After you have given almost 90 minutes to your water softener to regenerate through this process, it will work smoothly for quite a while.
This might seem like a lengthy process, but it is absolutely crucial for your water softening system because, without this entire process, your water softener might just get useless after a while.
How Often Should a Water Softener Regenerate?
Now that you know the details of the water softener regeneration process, the next question people ask is how often the regeneration should take place.
For most water softeners, the frequency for the water softener to regenerate depends on the following factors:
- The age of your water softener
- The capacity of the tank (the resin one)
- The accumulated iron quantity
- The hardness level of your water supply
- The water consumption level
Ideally, you should not go a very long period between the regenerations. It will be best to do it once every 3 to 5 days.
You can increase this period to a week if the hardness level is a little low in your home.
But the longer you have your water softener, the lesser you should wait between cycles.

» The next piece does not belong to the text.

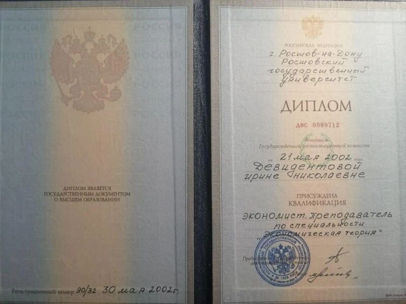 - Ростовский государственный университет, экономист, преподаватель, 1996–2002 гг.

As your water softeners get old, it starts oxidizing from the inside because of chlorine from the water.
If you have a newer model, it will most likely have an automatic process that automatically offers a timed schedule for the regeneration to happen once every few days.

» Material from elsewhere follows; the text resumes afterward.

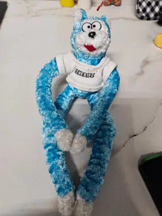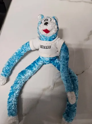 Pupazzo di peluche blu con maglietta bianca. - Maglietta con scritta Tenerife. - Dettagli bianchi su zampe e muso. - Occhi grandi e espressione divertente. Zampe con felcro abbracciami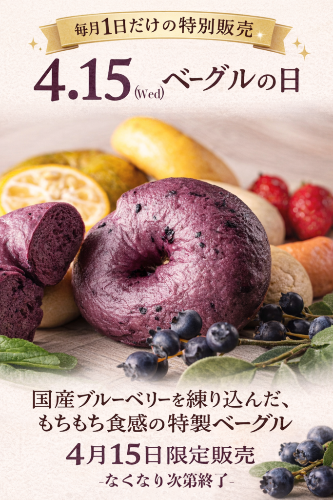 ※ブルーベリーベーグルの販売は「亀有本店」のみの販売となります。ご注意ください。

This removes the hassle of always initiating the regeneration cycle manually.
What to Do if Your Water Softener Is Not Regenerating?
It is easy to recognize if your water softener is not regenerating. You will start feeling a change in the soft water it supplies because if water softeners stop regenerating, they will eventually stop providing soft water.
Because the resin will not be able to trap the hard particles anymore, your water systems will only provide hard water.
Let us take a look at four reasons why water softeners may stop regenerating:
If your water pressure is too high – or too low – it could impact the regeneration of your water softener.
The pressure needs to match the requirement of the softener, and that is when the softener regenerates.
The problems with pressure could be due to two main reasons: either a problem from the supply at the backend or mineral buildup within your pipes that leads to clogging.
Change in water consumption
We just discussed that this was a factor that determined the time between two regenerations for a water softener.
If your usage drops because you are away from home or spending less time here (or just trying to save water bills), the frequency of how often the softener is regenerating will also drop.
It might stop altogether if the consumption has decreased very massively and the softener senses no need to regenerate anymore.
Change in schedule
If your water softener is automatic and is already preset with a time to regenerate, you might accidentally change it sometime.
Let’s say you were a little out of the zone while adding the salt pellets and accidentally pressed a few buttons, and now your settings are changed. (Trust me, it can happen to anyone)
Make sure to check and reset them.
An empty brine tank
To clear beforehand, an empty brine tank never refers to water. No brine tank is supposed to have water inside it; that would actually be a problem.
Since the brine tank is the salt storage area, the emptiness refers to the salt pellets. These pellets are essential for the ion swap process that takes place in hard water.
A salt bridge may also form at the bottom of the brine tank, which will also stop the regeneration.
Too much regeneration
You also have the opposite end of the problem, excessive water softener regeneration. This may happen due to clogging in the brine valve, drain line, or venturi valve.
You will need a professional plumber to look at this problem.
To keep your top-rated water softener working perfectly, the regeneration process is of utmost importance.
You should always keep a check on this process to ensure that your water softener is regenerating timely and adequately.
If you feel any doubts, reach out to a professional on first priority because delays might seriously impact the working of your water softener.